02 Apr 2010
Secondo il sondaggio condotto dall’Osservatorio Economico della Confesercenti di Padova partiranno circa 80 mila padovani (il 10%) rispetto ai 70.000 del 2009 e ai 65.000 del 2008.

Le vacanze di Pasqua costeranno complessivamente ai padovani circa 46.000.000 di euro (contro i 33.000.000 del 2009). In media gli euro spesi saranno per persona 573 (contro i 470 del 2009). Incidono senza dubbio i rincari del carburante e dei prodotti ad essi legati.
Il 68% del campione spenderà una somma inferiore ai 500 euro a persona, all’estremo opposto c’è anche una minoranza, dell’ 1%, che prevede una spesa che supera i 7000 euro.

Il 50% dei padovani non prenderà le ferie mancando dal luogo di residenza solo il sabato la domenica di Pasque e il lunedì di Pasquetta, ed un buon 23% allungherà fino al massimo di una settimana.

Tra i soggiorni preferiti dai vacanzieri, il 47% sceglierà di passare la pasqua in un’altra regione rispetto a quella di residenza. Le regioni più visitate saranno la Toscana, (il 13% dei vacanzieri) subito seguita dall’Emilia Romagna e dalla Sicilia, con a ruota la Campania e la Puglia (il Salento).
Mentre il 30% degli intervistati rimarrà nei confini del Veneto, un buon 17% dei padovani sarà sedotto dalle mete europee: Francia al 33% che conquista il primo posto a scapito della Spagna che scende a 12% seguita da Germania e Svizzera. In forte apprezzamento i Paesi Bassi, 5%, assenti nel 2009. Le capitali fungono da catalizzatore per una buona percentuale di padovani.

Forte il richiamo del mare con il 26% delle preferenze, ma anche delle città d’arte e della cultura con il 24% delle preferenze degli intervistati. La montagna si piazza al terzo posto (il 17%) a pari merito con la campagna.

Anche nel 2010 non vale il detto a “Pasqua con chi vuoi” visto che il 49% trascorrerà quest’anno le vacanze in famiglia. Il 30% degli intervistati si affiderà alla compagnia della coppia. Il 25% non rinuncerà agli amici.
Il 70% effettuerà gli spostamenti per le vacanze pasquali con la macchina, mentre solo il 14% si sposterà con l’aereo ed il 12% viaggerà in treno.

Il 24% dei vacanzieri sceglierà una vera e propria struttura turistica per le proprie vacanze (alberghi/ pensioni), mentre il 22% si affiderà all’ospitalità di amici e parenti, il 17% trascorrerà le proprie vacanze nella casa di proprietà ed un 14% opterà per soluzioni alternative talvolta “al risparmio” con i bed & breakfast.

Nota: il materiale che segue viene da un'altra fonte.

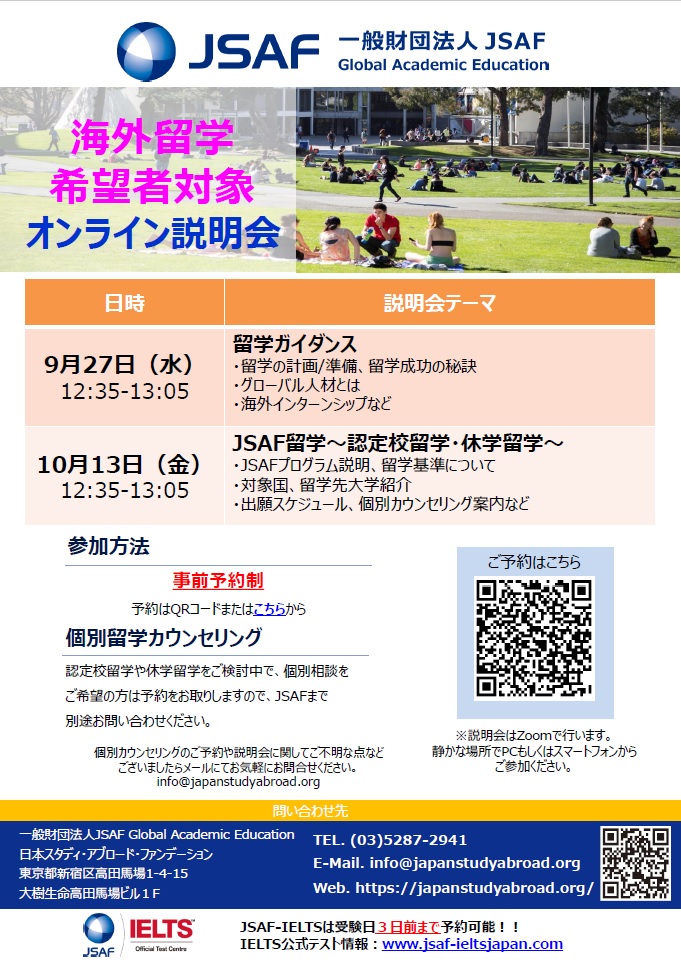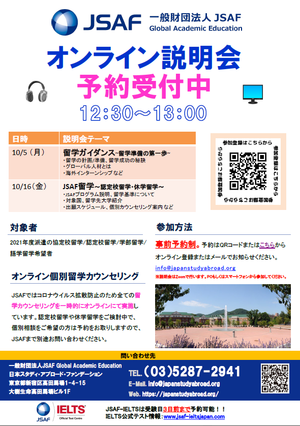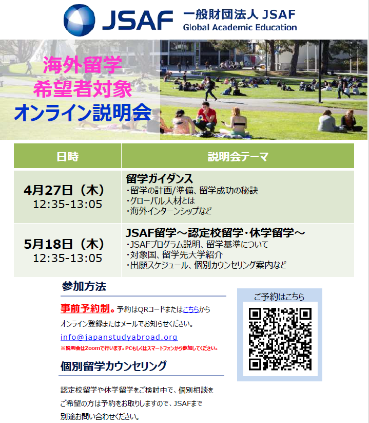 このページでは、東京女子大学生向けJSAF留学説明会に関する情報をお届けします。ぜひご確認のうえ、奮ってご参加ください。ご不明な点はお気軽にJSAFまでお問合せ下さい。

E’ una Padova che non rinuncia ad utilizzare al massimo il tempo libero, dichiara il Presidente Nicola Rossi, nonostante le previsioni economiche creano grandi preoccupazioni.
I bilanci delle famiglie sono ridotti al lumicino. I consumi, dagli alimentari (-5% nei piccoli esercizi) a quelli degli elettrodomestici, mobili (punte negative del 15, 20%),  stanno non solo stagnando ma oramai sono al crollo.
Cresce la preoccupazione per i posto di lavoro. In molte aree della provincia interi settori dell’industria e dell’artigianato sono al lumicino.
In un clima di grande incertezza e di crescente sfiducia sul futuro, la reazione più naturale è quella di cercare di dimenticare tutto almeno per un paio di giorni.
Dopo settimane e settimane di preoccupazioni di difficoltà, di ricerca di chiudere i bilanci aziendali e famigliari è naturale che ci si voglia dedicare a se stessi alla famiglia, ai  figli. Due tre giorni di spensieratezza, cercando di spendere il meno possibile, magari ospitati presso amici, in case vacanze, in piccoli alberghi già conosciuti, ma con la precisa volontà di ricaricare se stessi e la propria famiglia ad affrontare momenti ancora più difficili.
Ecco che allora continua a crescere il numero dei vacanzieri mentre diminuisce la spesa media individuale. Si ritornerà al lavoro dopo Pasqua rinunciando a cambiare qualche vestito, qualche elettrodomestico in attesa di tempi migliori.

Il vero nodo è questo, continua Rossi, il rilancio della nostra economia passa attraverso una riconquista di fiducia delle famiglie, e garanzie sul futuro nostro e dei nostri figli.


Il mondo dell’impresa, il mondo della piccola e media impresa, in particolare quella del terziario, continua in mezzo a decine di difficoltà a conservare posti di lavoro e a difendere la redditività delle famiglie ma se continua questa situazione non saremmo più in grado di reggere dopo l’estate.